Estate claims can be complicated, and the State has made many errors in their implementation. If you receive notice of an estate claim, contact your attorney, legal services office, or CANHR at 1-800-474-1116.
How to Avoid an Estate Claim
After January 1, 2017, only those receiving nursing home or home and community based services will have their estates subject to recovery. So, if you are receiving such services, estate planning is highly recommended to ensure that your estate will not be subject to probate and thus, subject to recovery. A number of low-risk estate planning mechanisms will now be available to avoid recovery, such as living trusts, joint tenancies, etc. A Medi-Cal recipient can also transfer any exempt property, including the exempt home, to anyone prior to death without impacting eligibility for Medi-Cal.

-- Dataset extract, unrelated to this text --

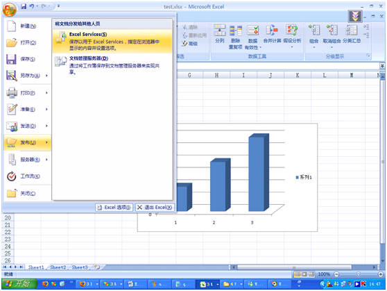 第二種上傳方法就是利用Excel2007的發(fā)布功能(這次MS的產(chǎn)品線的相互支持真是緊密啊):

Transfer of Interest in Your Home
If you decide to transfer your home, we strongly suggest that you consult with an attorney experienced in Estate Planning for Long Term Care before any transfer is made. Real property transfers usually involve tax consequences, which may outweigh the benefits of the transfer.

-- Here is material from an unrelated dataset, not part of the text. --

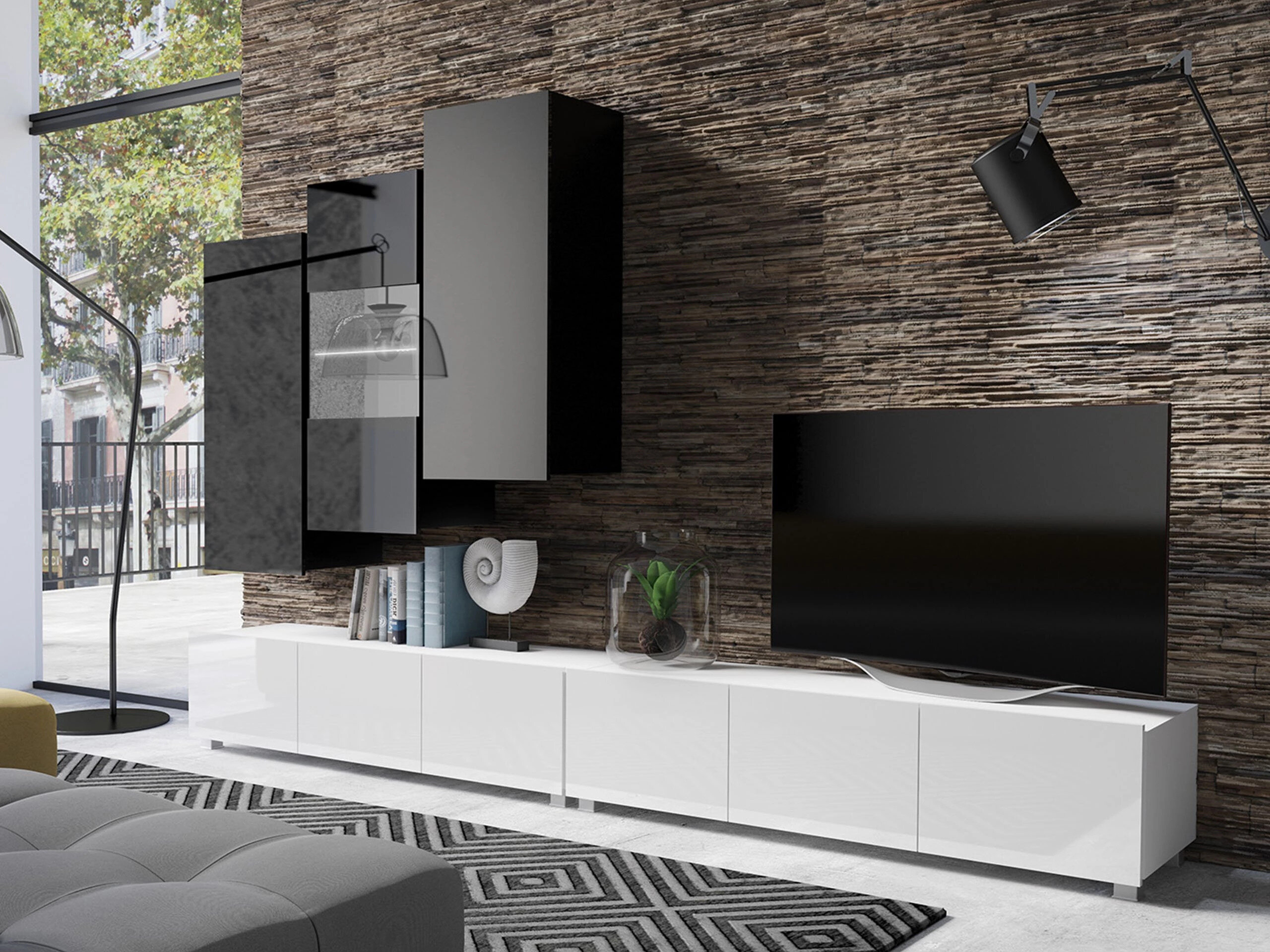 Stuemøbelsæt Remus XVII (Hvid + Glansfuld hvid + Sort + Blank sort)

Contrary to popular myth, there is no 30-month “waiting period” for transferring an exempt asset–even a home. In fact, under federal law, title to the principal residence may be transferred to the following persons at any time without affecting Medi-Cal eligibility:
- a spouse;
- a son or daughter under age 21 or who is blind or permanently disabled;
- a sibling who has equity in the home and who was residing there for at least one year immediately prior to the individual’s admission to a nursing home;
- a son or daughter who was living there for at least two years immediately prior to the individual’s admission to a nursing home and who provided care which enabled the parent to live at home;
- to anyone, so long as the home was exempt at the time of transfer.

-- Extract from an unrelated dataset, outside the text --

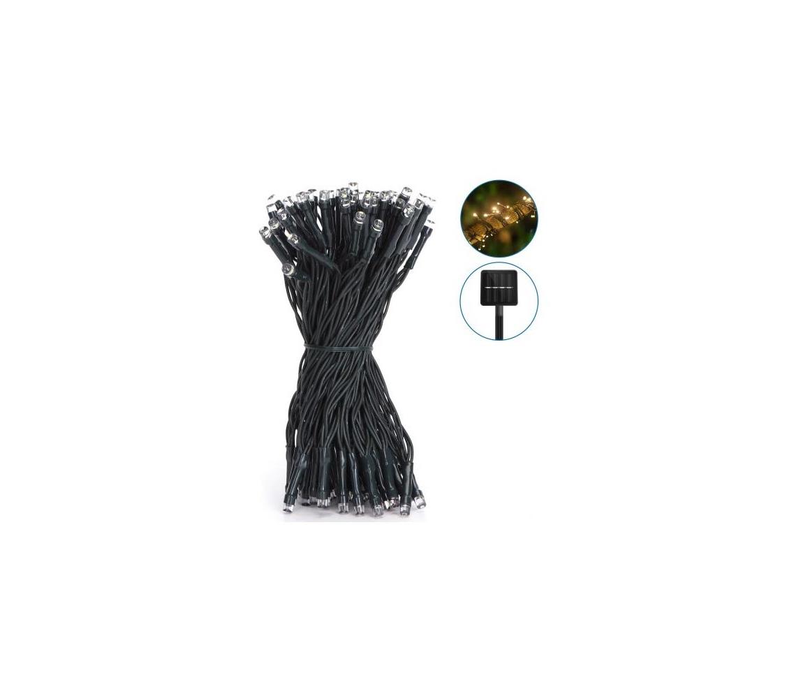Päikeseenergia jõuluahel, mis sobib suurepäraselt aedade kaunistamiseks. Kuna valguse intensiivsus on madal, kasutatakse seda dekoratiivse valgustina. Toide päikesepaneeli kaudu (70 x 70 mm). Ahel süttib automaatselt hämaruses. 8 valgustusfunktsiooni. Funktsioonide vahetamine toimub päikesepaneelil asuva lüliti abil. Laadimine: 4 - 6 tundi. Valgusaeg: 8 - 12 tundi. Valguse värv: soe valge. LED dioodide arv: 100. Valgustatud kaabli osa pikkus: 10 m. Toitekaabli pikkus: 2 m. Kaabli värv: selge.

Note: even if no one lives in the home, as long as the Medi-Cal applicant checks “yes” on the application concerning intent to return home, the home is exempt and can be transferred. If the home is transferred while the Medi-Cal beneficiary is alive, there is no estate claim on the home.
Transfer of the Home to a Spouse
The law allows transfer of a home to an at-home spouse without affecting Medi-Cal eligibility. This applies whether the transfer occurs prior to or after your spouse enters a nursing home.
If your spouse in the nursing home no longer has any interest in the home, anything you do with the house will not affect your spouse’s Medi-Cal eligibility. You can move out of the home, rent it, or sell it, all without affecting your spouse’s Medi-Cal eligibility.
However, there is an important timing issue here. For eligibility purposes, as an at-home spouse, you are only allowed to keep up to $120,900 in non-exempt assets (for 2017). If you sell the home before your spouse applies for Medi-Cal, the proceeds from the sale will count towards that limit, since cash is a non-exempt asset.
Thus, if you intend to sell the home, it is generally best to wait until after your spouse is on Medi-Cal and the home is in your name only. Once Medi-Cal eligibility is established, assets acquired by the at-home spouse are not counted.